WHAT THE TASK ASKS =>
Below are some records. Output the lines from the first one through the line that holds "Cada sobre incluye", exactly as written, with no pictures.

(Items from a dataset)
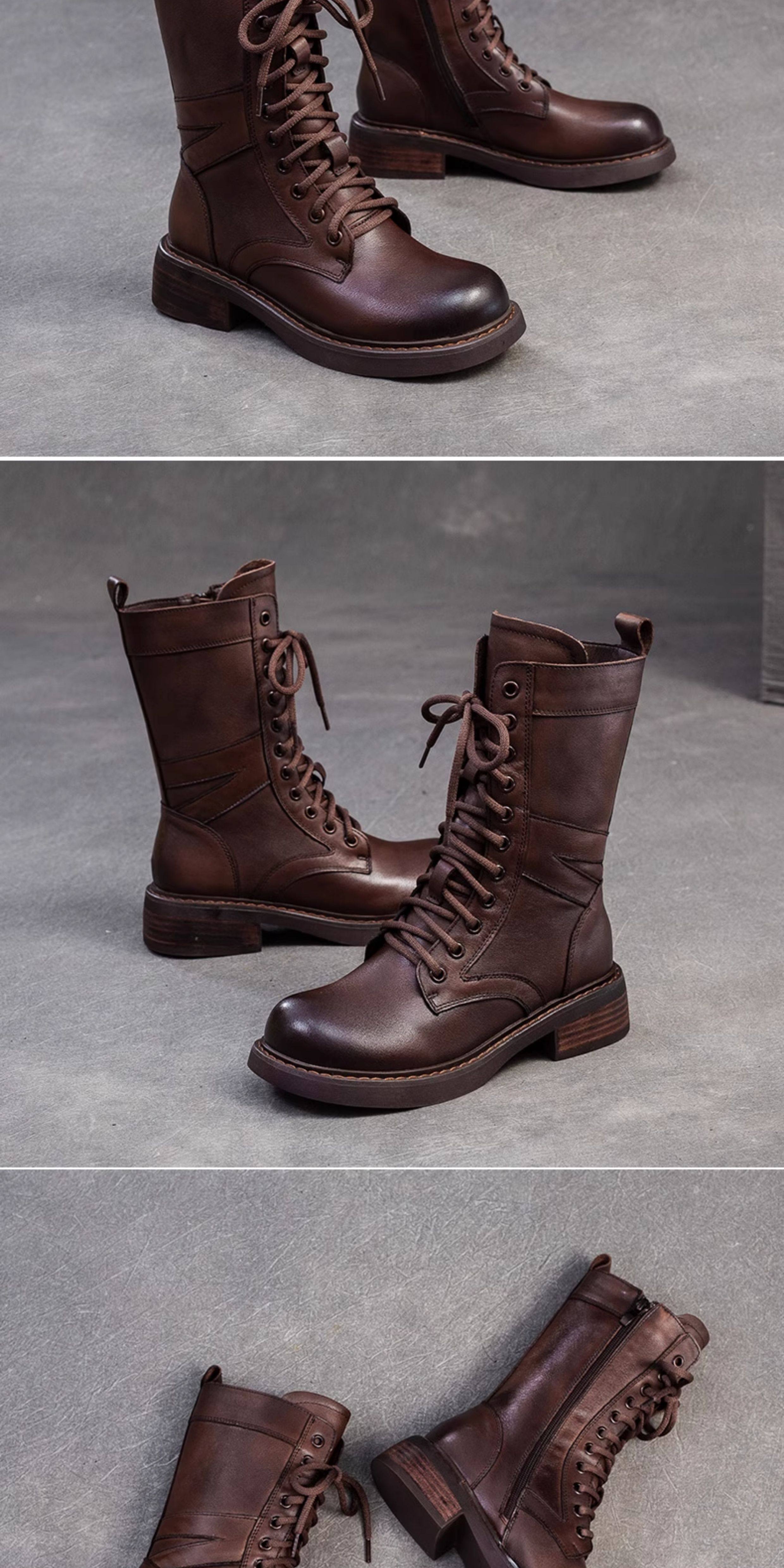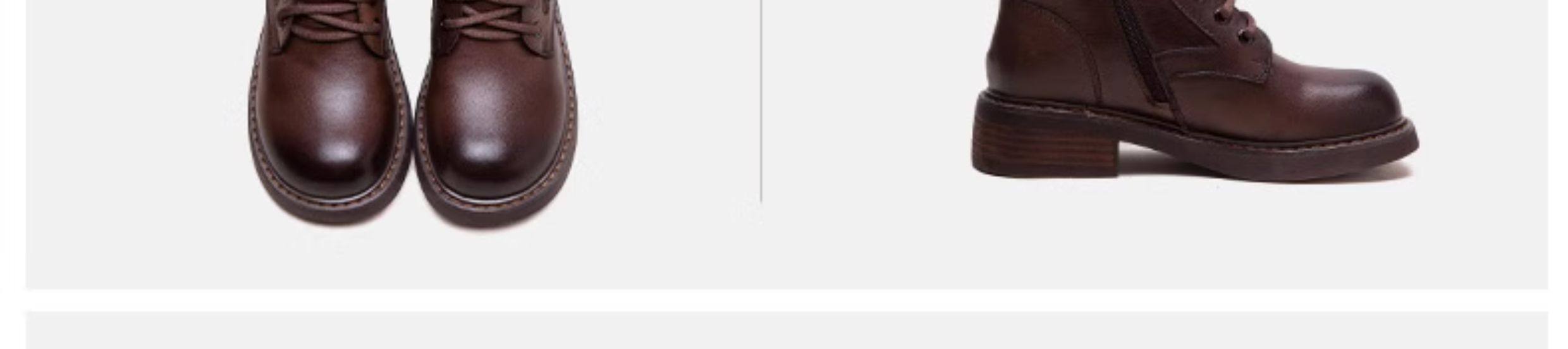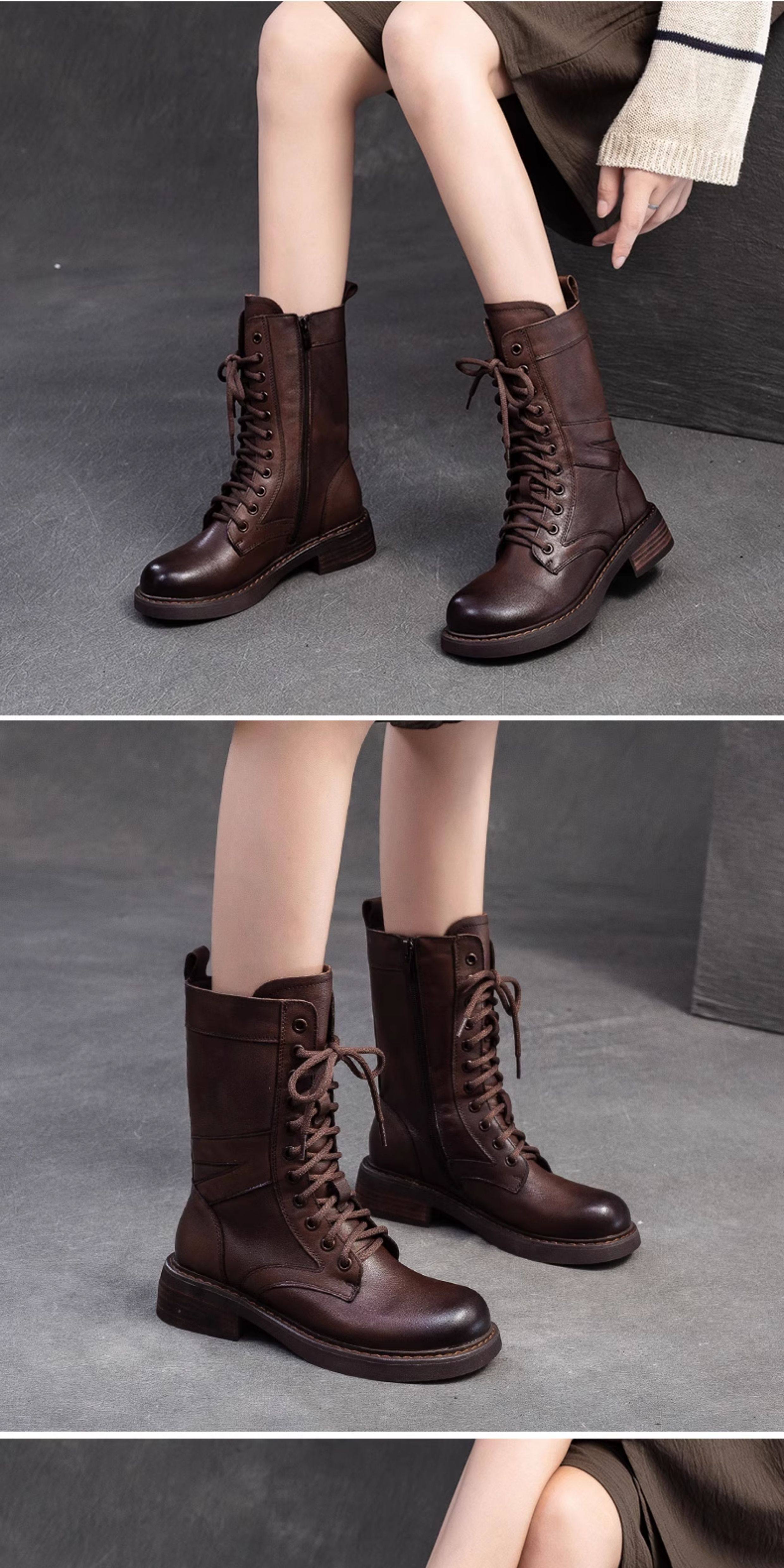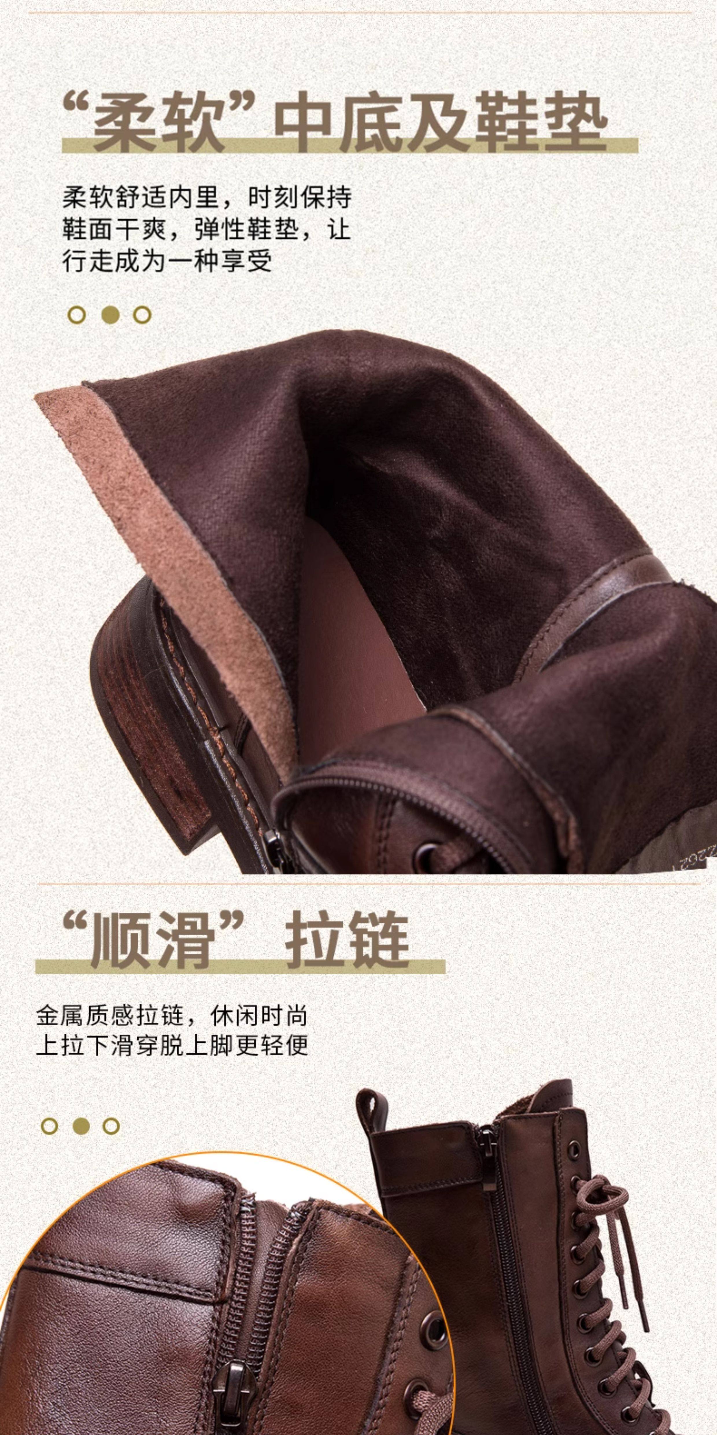 千秦秋冬全牛皮粗跟中筒黑色靴子時尚高筒靴厚底真皮復古馬丁靴女
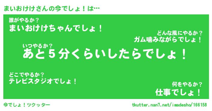 | 恥ずかしいあだ名 | 『プリティーまいおけけ』『まいっちょ』 |
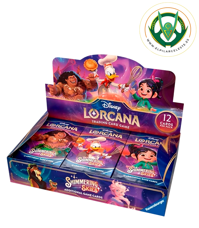 Cada sobre incluye 12 cartas aleatorias, con la posibilidad de obtener cartas comunes, poco comunes, raras, legendarias y versiones foil. Shimmering Skies introduce nuevas mecánicas y habilidades que amplían las opciones estratégicas del juego, manteniendo la compatibilidad total con todas las ediciones anteriores de Disney Lorcana.
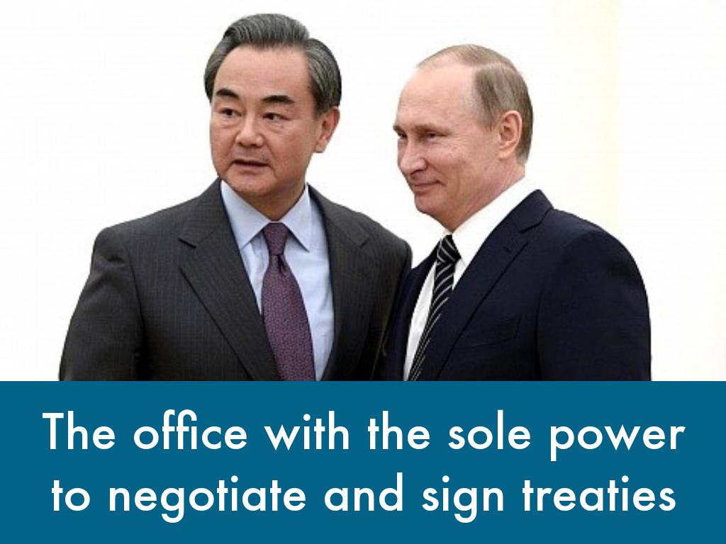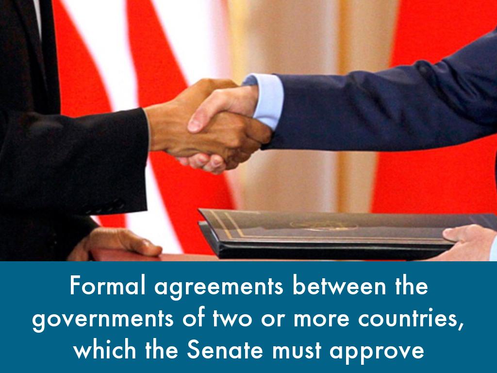 Formal agreements between the governments of two or more countries, which the Senate must approve
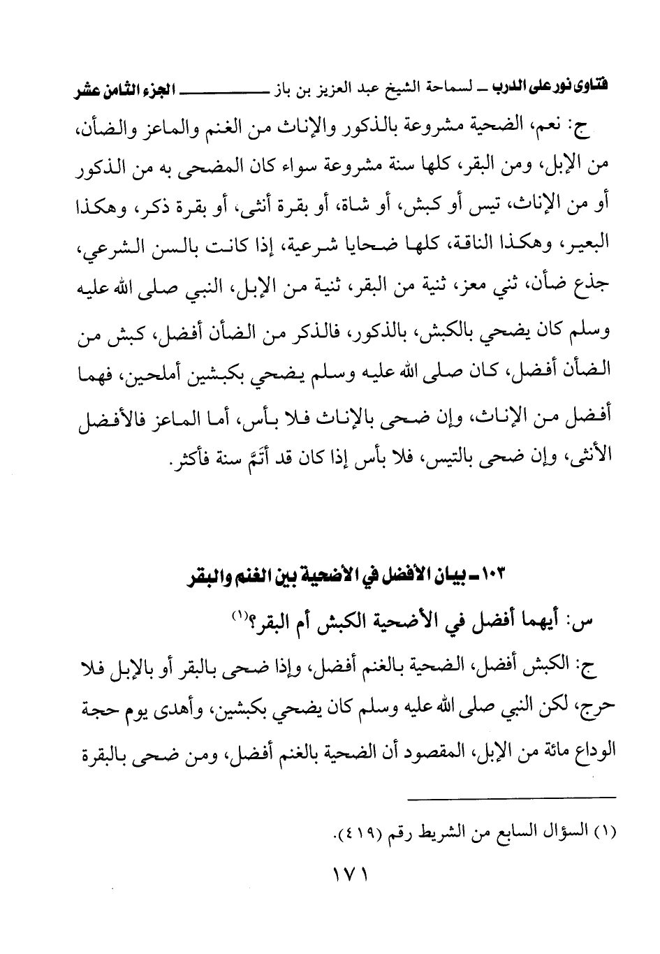 (¬1) السؤال السابع من الشريط رقم (419).
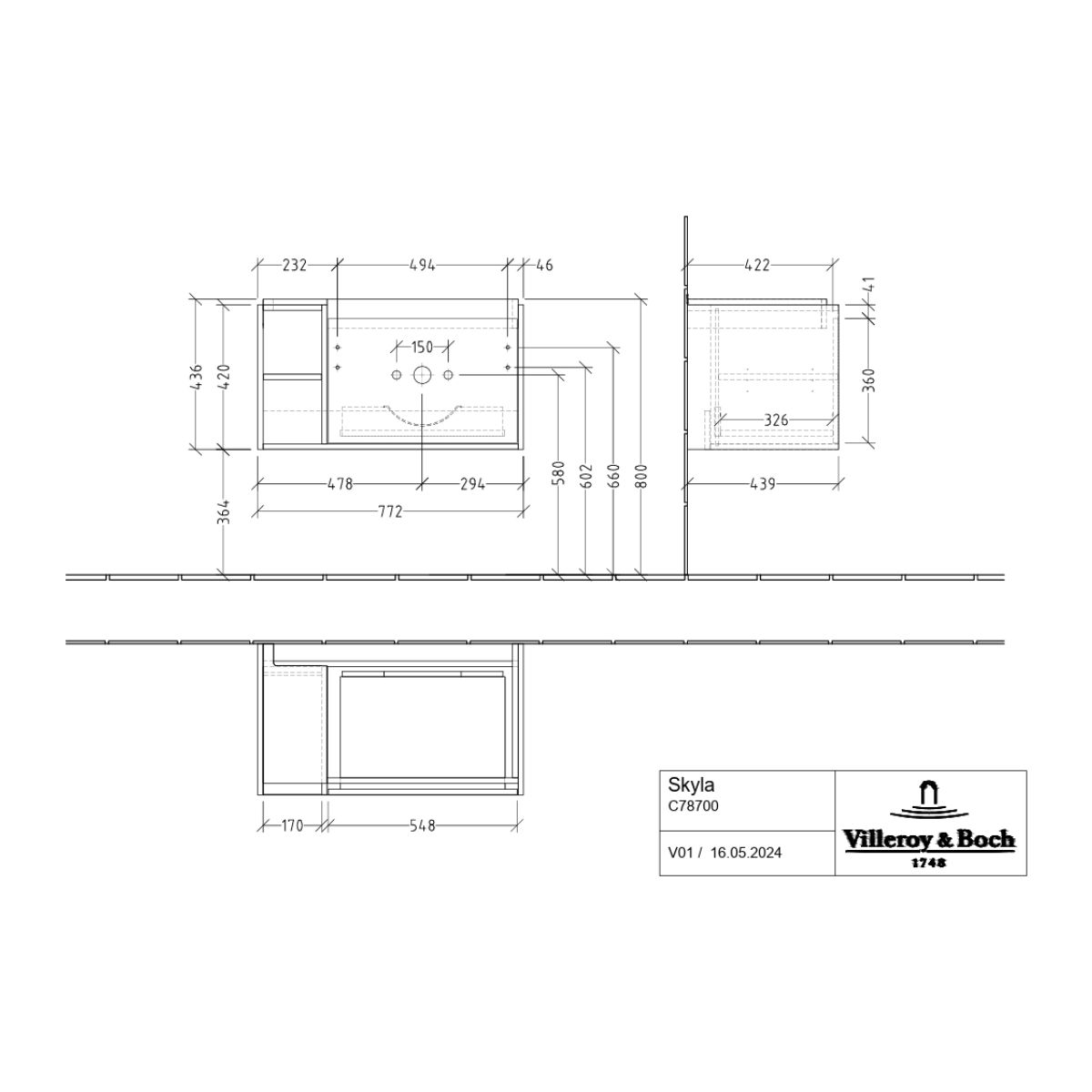 Villeroy & Boch Skyla Kabinett 77.2x43.9x43.6 cm Unterschrank hängend eiche C78700VH
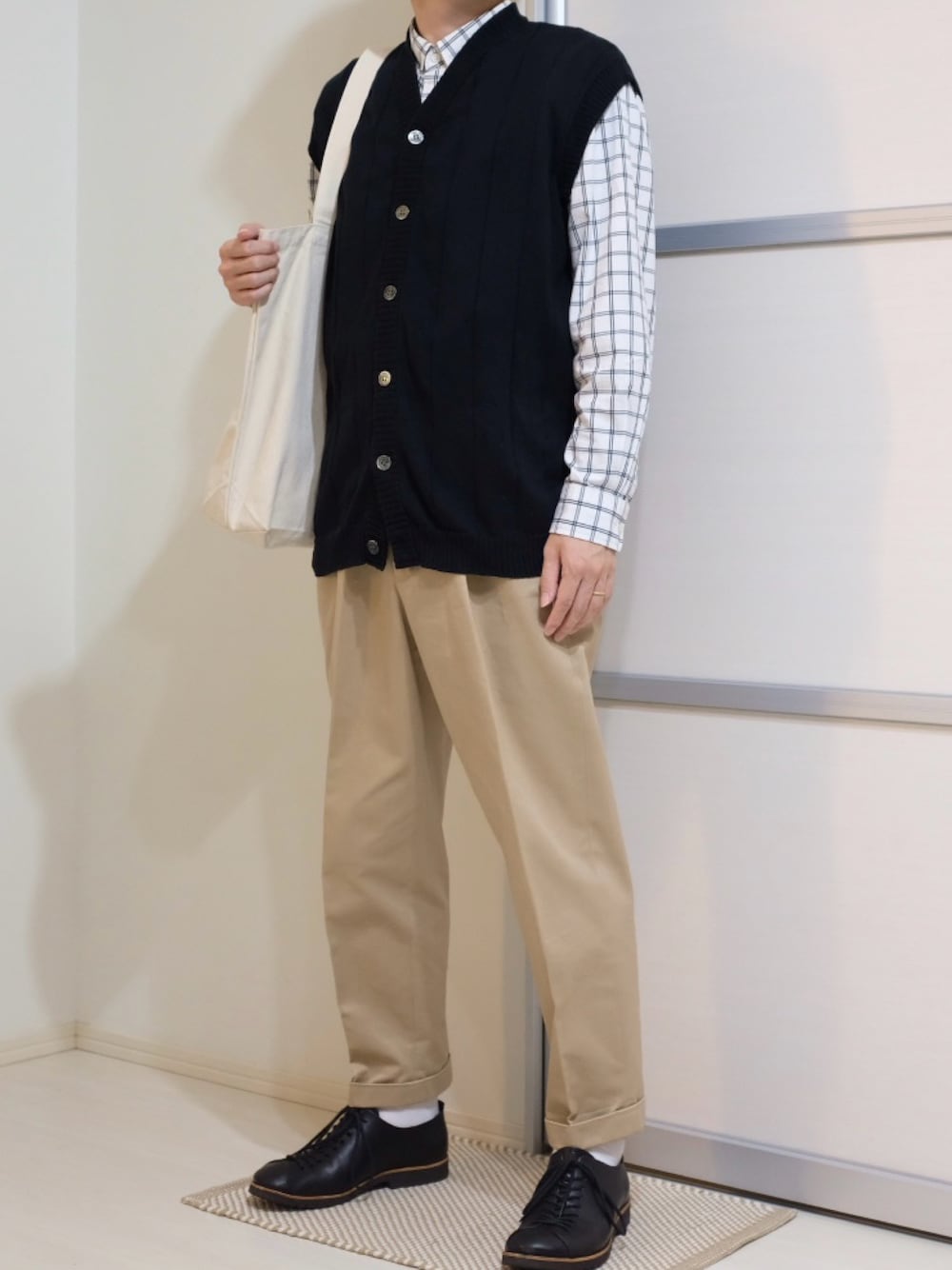 上品なコットン生地が魅力のベストをメインに組んでみました! ハリツヤあるチノパンとウィンドウペンチェックのシャツを合わせると、それだけで様になったので、普段使いのトートバッグを合わせて完成◎
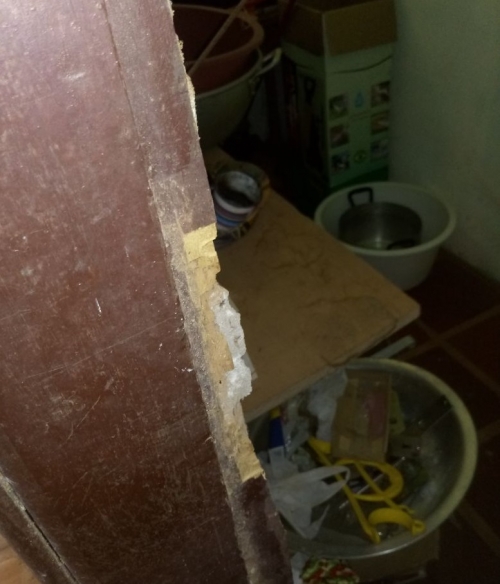 As portas da antiga cozinha e depósito foram arrombadas com utilização de força.
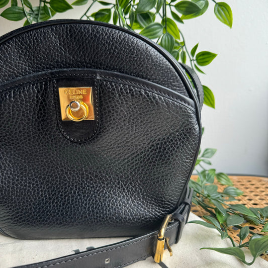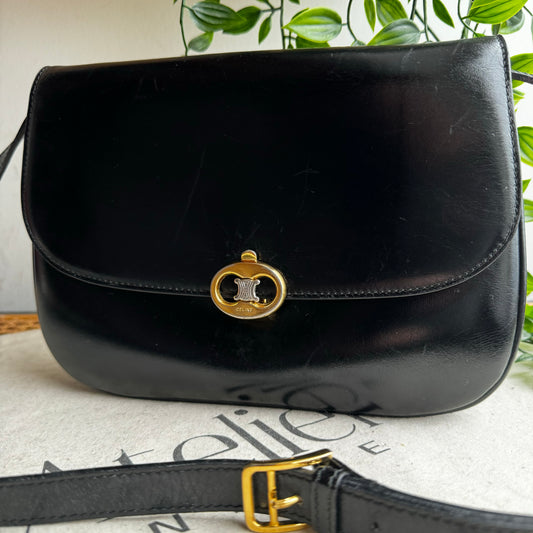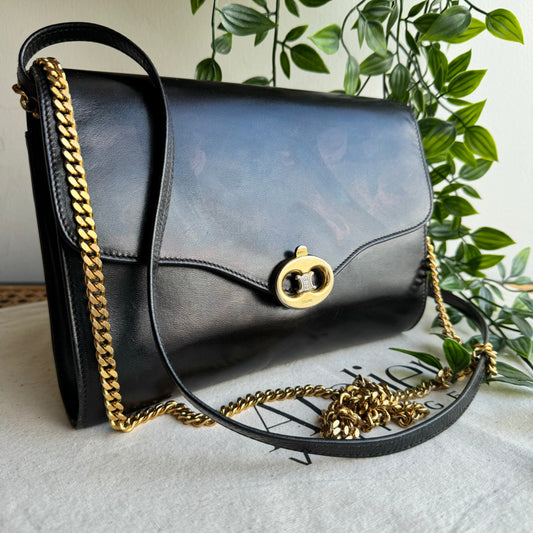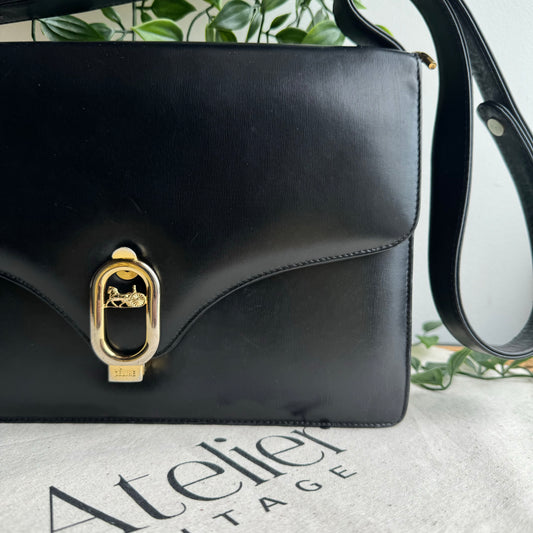 Celine 1980s Vintage Black Carriage Shoulder Bag

ANSWER =>
 千秦秋冬全牛皮粗跟中筒黑色靴子時尚高筒靴厚底真皮復古馬丁靴女
 | 恥ずかしいあだ名 | 『プリティーまいおけけ』『まいっちょ』 |
 Cada sobre incluye 12 cartas aleatorias, con la posibilidad de obtener cartas comunes, poco comunes, raras, legendarias y versiones foil. Shimmering Skies introduce nuevas mecánicas y habilidades que amplían las opciones estratégicas del juego, manteniendo la compatibilidad total con todas las ediciones anteriores de Disney Lorcana.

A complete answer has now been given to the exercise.